Nevertheless, some successful foundation trusts retained a meaningful degree of autonomy throughout the 2000s. Organisations such as Salford Royal or the Royal Marsden – who hit key targets and balanced the books – rarely felt the regulators’ stick. Conversely, those who breached Monitor’s terms of authorisation could expect a ratchet of increasingly invasive intervention, from requirements to develop sustainability plans to the replacement of board members.

That compact crumbled as the financial situation deteriorated. Government pushed prices below any reasonable level. Cash-strapped commissioners withheld funding. And large swathes of the foundation trust sector found themselves in breach of Monitor’s financial rules and subject to intervention, not through any fault of their own in many cases, but because of the gap between funding and the real cost of services.

The planning guidance and associated communications from the national bodies dispel any remaining illusions that foundation trusts, even the handful who are still in good financial health, are autonomous organisations. The planning guidance officially re-establishes a planned economy (as was always the case for the trust sector) where money is moved around local NHS organisations to ensure their sustainability.
It is now clear that all foundation trusts, even those with good finances, must accept control totals for capital expenditure. So that last remaining freedom, the right to decide what to do with their surpluses, has been lost. Meanwhile, the national bodies are micro-managing the details of how foundation trusts deliver services more than ever before, to the extent of directing them on staffing cover and annual leave planning.

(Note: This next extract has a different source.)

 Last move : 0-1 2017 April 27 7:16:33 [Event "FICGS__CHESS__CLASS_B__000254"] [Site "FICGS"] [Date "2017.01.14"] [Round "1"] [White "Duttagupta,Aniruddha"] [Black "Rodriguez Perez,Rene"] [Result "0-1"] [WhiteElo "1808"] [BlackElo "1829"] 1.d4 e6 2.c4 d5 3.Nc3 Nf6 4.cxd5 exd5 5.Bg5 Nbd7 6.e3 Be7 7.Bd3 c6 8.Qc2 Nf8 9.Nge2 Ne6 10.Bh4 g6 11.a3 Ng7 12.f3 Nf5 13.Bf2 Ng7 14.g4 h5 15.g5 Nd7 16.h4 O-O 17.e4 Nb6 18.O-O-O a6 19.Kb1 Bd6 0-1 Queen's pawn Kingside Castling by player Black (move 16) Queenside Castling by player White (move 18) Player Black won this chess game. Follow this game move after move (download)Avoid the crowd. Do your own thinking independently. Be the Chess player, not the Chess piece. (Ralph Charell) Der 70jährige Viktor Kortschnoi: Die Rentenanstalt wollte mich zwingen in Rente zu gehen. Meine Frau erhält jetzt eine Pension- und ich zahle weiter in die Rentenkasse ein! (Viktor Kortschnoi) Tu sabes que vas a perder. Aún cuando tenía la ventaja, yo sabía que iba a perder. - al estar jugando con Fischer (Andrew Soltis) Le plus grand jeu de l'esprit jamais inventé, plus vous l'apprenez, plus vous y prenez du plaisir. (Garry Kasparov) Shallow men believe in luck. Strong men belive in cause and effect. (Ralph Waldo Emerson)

The NHS veers between centralisation and decentralisation with alarming speed but dull predictability. Fundamental features of our tax-funded system pull government and providers into a hierarchical relationship. But dissatisfaction with public sector hierarchies – their unresponsiveness and inability to innovate – is never far from the surface. Hence the stream of policy papers promising, and failing, to set providers free.

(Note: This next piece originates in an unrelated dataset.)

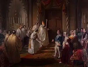 He trained under Luigi Sabatelli at the Brera Academy. In 1833, as a student, he produced a sketch titled Haman Kneels Before Esther .[1] In 1845, he participated in the decoration of the Palazzo Torlonia in Rome. He painted a Il divorzio di Enrico VIII (The Divorce of Henry VIII) for the Marchese Ala Ponzone of Milan; and a Cola di Rienzo and Italy at the foot of the Virgin (exhibited in 1850 at Turin). In 1841, he was commissioned by the Savoy Royal family to create a painting depicting the Reconsecration of the Hautecombe Abbey for the Castello di Racconigi.[1]

Command and control from Whitehall may appear to some the only realistic course in the current crisis. But what are the chances that it creates the next Salford Royal, Frimley Park, Southcentral or Jönköping?

Comments

Joey Hall

Comment date
08 April 2020

Corporate governance in the private sector is being worshipped with religious abandon. The private sector has never been more efficient than the public sector where good leadership is present in either. Scale. For as long as corporate structures and price competition are in place, the idea that it's not for profit is an illusion.